[MUD-Dev] [STORY] Story and population size

Jeff Cole jeffcontact at mindspring.com
Tue Dec 11 06:22:05 New Zealand Daylight Time 2001


> From: John Buehler
> Jeff Cole writes:
>> From: "John Buehler" <johnbue at msn.com>

>>> To contrast, chess is quite complicated, but it has a high
>>> entertainment density because of all the thought involved in a
>>> fairly short period of time.  The same can be said of the game
>>> of go.  I haven't hashed this out yet, but I'm wondering if
>>> there is are treatments of game content and player interaction
>>> that will give a higher entertainment density - more to do in a
>>> shorter period of time.

>> You must be careful, here.  You speak of "entertainment density"
>> as if it is some objective measurement when it is really a
>> subjective measurement.  Even in the second paragraph you define
>> it two different ways: "[quite a bit of] thought involved in a
>> fairly short period of time" and "[quite a bit] to do in a
>> shorter period of time."

>> You recognize that, then, that you are measuring to different
>> "types" of entertainment per unit time.
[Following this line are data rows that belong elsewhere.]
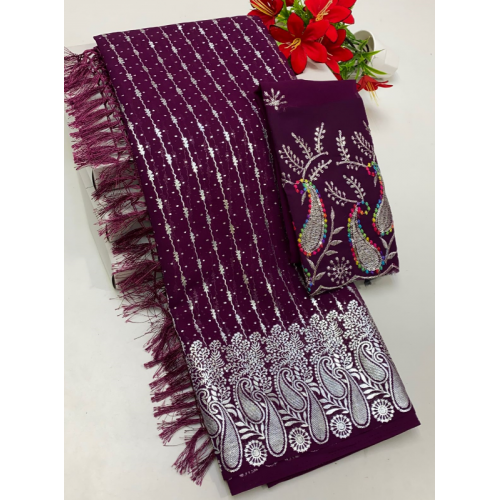 Product type: We are presenting a new arrival of georgette fabric party and occasional wear georgette saree with embroidery work blouse unstitched piece.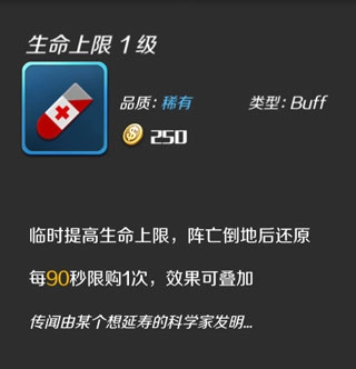 效果:能临时提升生命上限,角色阵亡倒地后该效果便会还原;初始等级状态下,每90秒仅可购买1次,且效果支持叠加。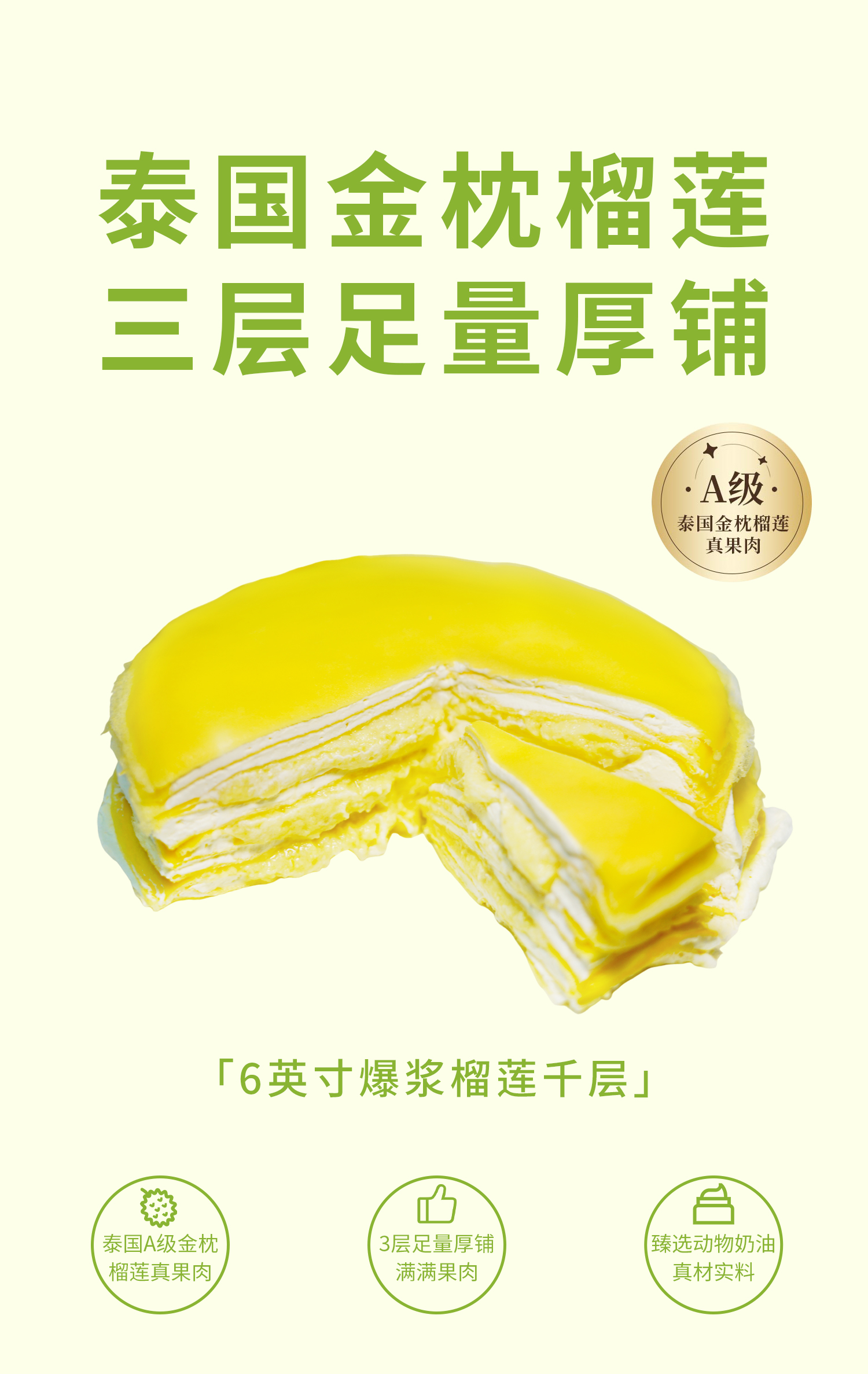 【足量爆浆】6英寸爆浆榴莲千层 果肉多多 动物奶油现做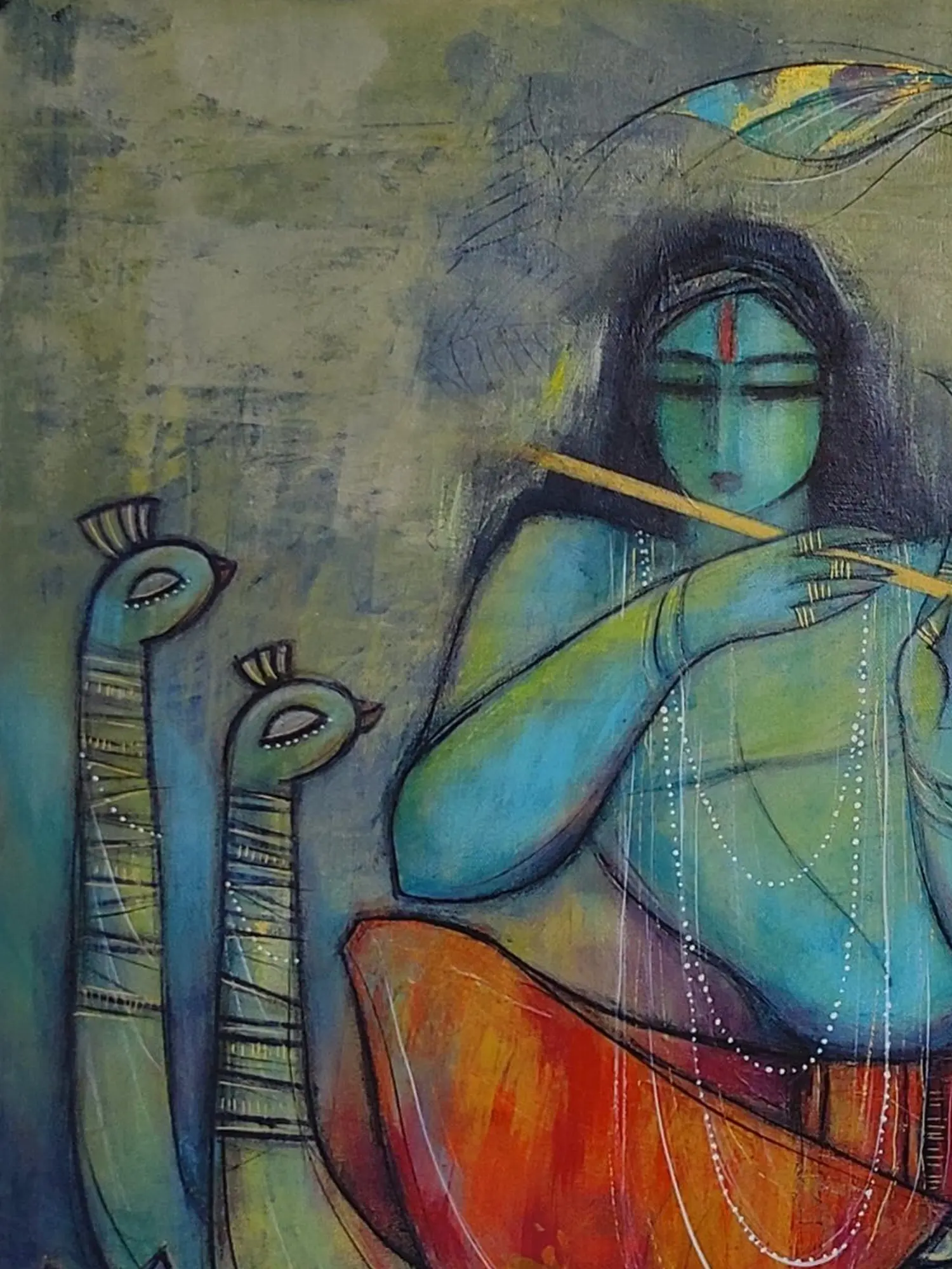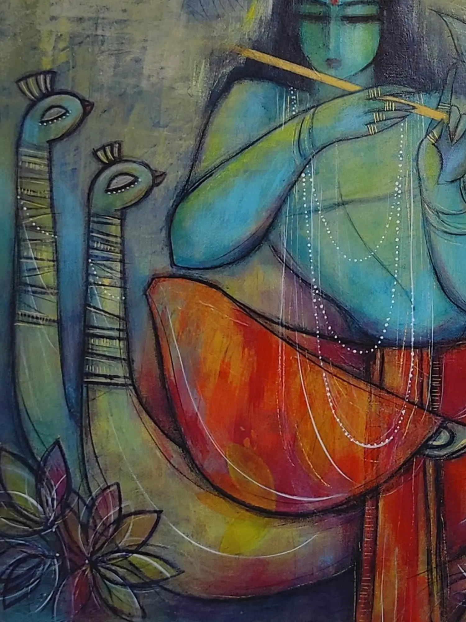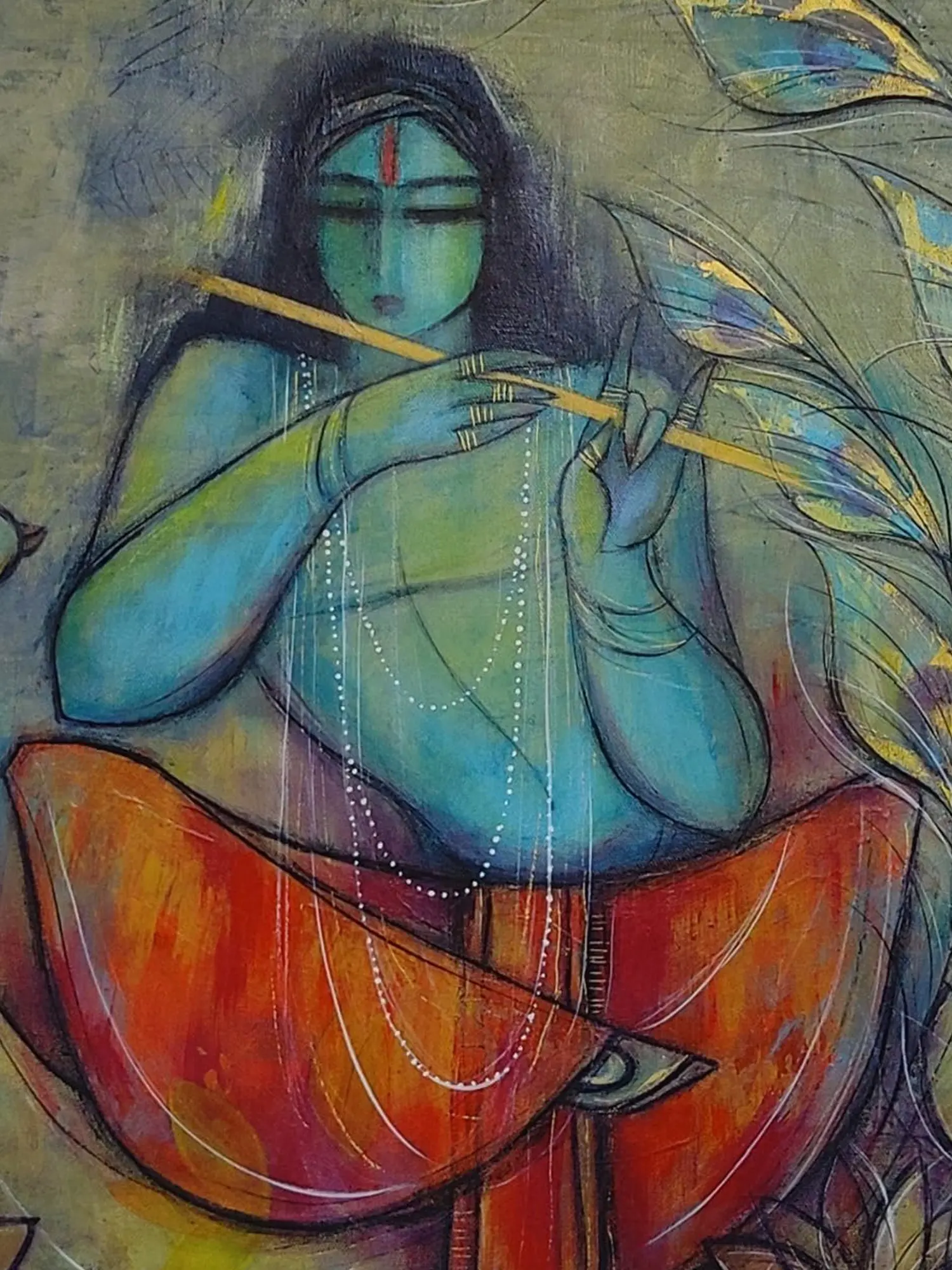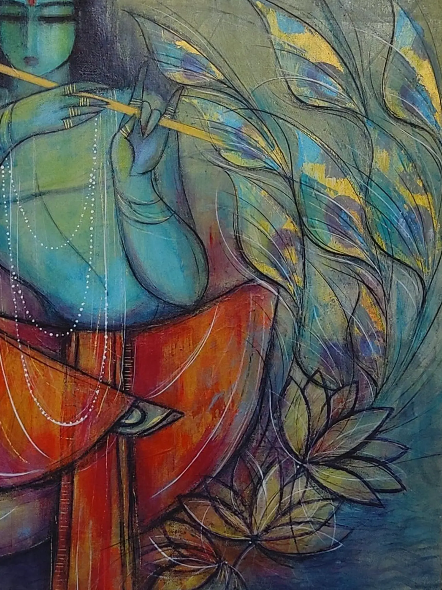 Lord Krishna With Flute | Oil On Canvas | By Priya Bothra

>> The question is, is one able to compare the different types of
>> entertainment in any way that is meaningful?

> You're drifting away from the idea behind "entertainment density".
> It's not an issue of actually coming up with a number that
> reflects the "density" of entertainment.  The purpose of
> presenting the term at all is to put a notion into people's heads
> that the amount of stimuli per unit time is important to players.
> Not just the amount of stimuli available.

I don't think it's drifting at all.  I think the concept of
entertainment density is a very good one.  But I do think that it is
important to delve further into the concept and its practical
application.  Simply saying that a game does not have a high
"entertainment density" really says nothing.

By considering the entertainment densities of various aspects of a
game with respect to the intended audience(s), developers could
indentify potential areas for improvement.

But even in the abstract, by going through the process of honing the
concept and the qualities we want to measure, perhaps we will better
understand the art.

Also, I think it is important to note that if we are talking about
some sort of mass (even relatively so) market MMO*, then you have to
consider the attention span of the average target consumer and
indentify what sort of density for which they hunger.  It isn't the
chess variety.

> In the latter case, players will attempt to accelerate through the
> available stimuli (aka content and other things) in order to
> artificially bring up the "entertainment density" of the game to a
> level that they find acceptable.  Yes, that is a subjective point,
> but I submit to you that the virtual reality model has an
> inherently low density of stimuli.

I disagree that it is inherent.  I think, though, that until games
implement real "consequence" to action, the range of available
player interactions will be necessarily and drastically limited.  I
am not talking so much about coded consequence as much as I am
talking about provding the community the appropriate tools to create
their own consequences.  But that is a whole other can of worms.

> Leveling is entertaining.  Changes in leaders in a competition are
> entertaining.  Seeing new sights is entertaining.  Experimenting
> with new abilities, spells, skills and items are entertaining.
> These are distinct stimuli that have a shot at actually tickling
> the brain of a player in some positive way.  Watching paint dry is
> not entertaining because there are essentially no stimuli to
> please the brain.  Show a time-lapse film of paint drying and you
> will have a couple seconds of entertainment as you see the areas
> dry according to the thickness of the paint, etc.

> The question is, will players remain loyal to lower density
> experiences when competing higher density experiences exist?  And
> I'm wondering and pondering the possibilities that permit a
> competing higher-density experience.  I'm wondering if such
> reformulated 'high density experiences' will be the next step
> beyond the creation of a virtual reality - which appears to be the
> broad goal of current designers.


I still think the density concept as you apply it is too broad to be
useful.  Your examples run from chess (lots of though, but very
little "stimuli" in the traditional sense) to leveling to exploring
to experimenting.  There is a lot of valuable insight one might
glean from delving further.  Drifting a bit wouldn't hurt either.